Sunday, July 13, 2008

A Kiss




The Song of Songs opens with the lines “Let him kiss me with the kisses of his mouth.” A line which instantly brings into question the idea of 'absence' and 'presence'. Whose mouth could Solomon kiss with if not his own? On one interpretation we can claim that the phrasing draws us immediately to an invocation of the divine, the kiss that is more than a kiss, the song that is more than a song, the fire that is more than a fire ... “The kiss we speak of is therefore the product of divine humility. Far from a mere touching of lips, it is a spiritual union with God. The human and the divine are mingled. Two become one. This is the kiss desired by the holy ones from long ago.” The kiss therefore expresses the desire not of communication but of presence. Bernard of Clairvaux begins his sermons on the Song by focusing on this line, the sermons serve the function of detailing the presence of God in his life but at the same time the meaning pulled from this opening line is obscured by the opacity of that line. The phrase 'holy ones from long ago' refers to the prophets who foresaw Christ's coming. Bernard is then insinuating this sense of divine longing in the Shulamite's desire toward her loved one.

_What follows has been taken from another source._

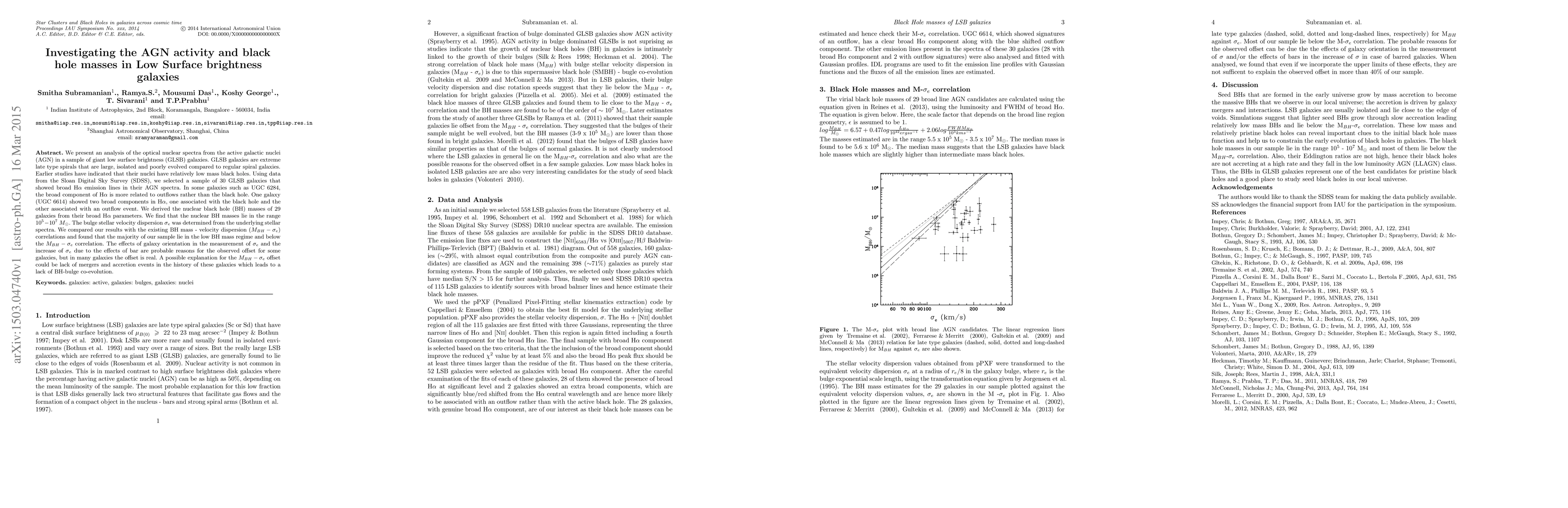 We present an analysis of the optical nuclear spectra from the active galactic nuclei (AGN) in a sample of giant low surface brightness (GLSB) galaxies. GLSB galaxies are extreme late type spirals that are large, isolated and poorly evolved compared to regular spiral galaxies. Earlier studies have indicated that their nuclei have relatively low mass black holes. Using data from the Sloan Digital Sky Survey (SDSS), we selected a sample of 30 GLSB galaxies that showed broad H$\alpha$ emission lines in their AGN spectra. In some galaxies such as UGC 6284, the broad component of H$\alpha$ is more related to outflows rather than the black hole. One galaxy (UGC 6614) showed two broad components in H$\alpha$, one associated with the black hole and the other associated with an outflow event. We derived the nuclear black hole (BH) masses of 29 galaxies from their broad H$\alpha$ parameters. We find that the nuclear BH masses lie in the range $10^{5}-10^{7} M_{\odot}$. The bulge stellar velocity dispersion $\sigma_{e}$ was determined from the underlying stellar spectra. We compared our results with the existing BH mass - velocity dispersion ($M_{BH}-\sigma_{e}$) correlations and found that the majority of our sample lie in the low BH mass regime and below the $M_{BH}-\sigma_{e}$ correlation. The effects of galaxy orientation in the measurement of $\sigma_e$ and the increase of $\sigma_e$ due to the effects of bar are probable reasons for the observed offset for some galaxies, but in many galaxies the offset is real. A possible explanation for the $M_{BH}-\sigma_{e}$ offset could be lack of mergers and accretion events in the history of these galaxies which leads to a lack of BH-bulge co-evolution. \keywords{galaxies: active, galaxies: bulges, galaxies: nuclei}

Solomon and the Shulamite are only described as together in the first of the six songs. The other five detail searching, arriving and social separation “Nevertheless, and through the very flight that is assumed by both protagonists – lovers who do not merge but are in love with the others' absence – no certainty affects the existence of the one who is loved and loves ...” The absence is also more explicitly invoked by the fluid concept of identity between the protagonists. In the opening line and Song 3 the male protagonist is clearly identified as Solomon yet at other parts the male protagonist is mentioned as being a shepherd as well as any number of more sensual images, the only role consistently designated to him is as lover. Solomon then borrows upon imagery used by the Shulamite to describe his lover in return, again transforming any notion of a stationary identity by referring to a barrage of imagery and different designatory positions. This focus on identity, presence and absence is intended not to show an identity crisis within love, but rather a sense of movement, something which becomes vital for the Hegelian and Sartrian traditions.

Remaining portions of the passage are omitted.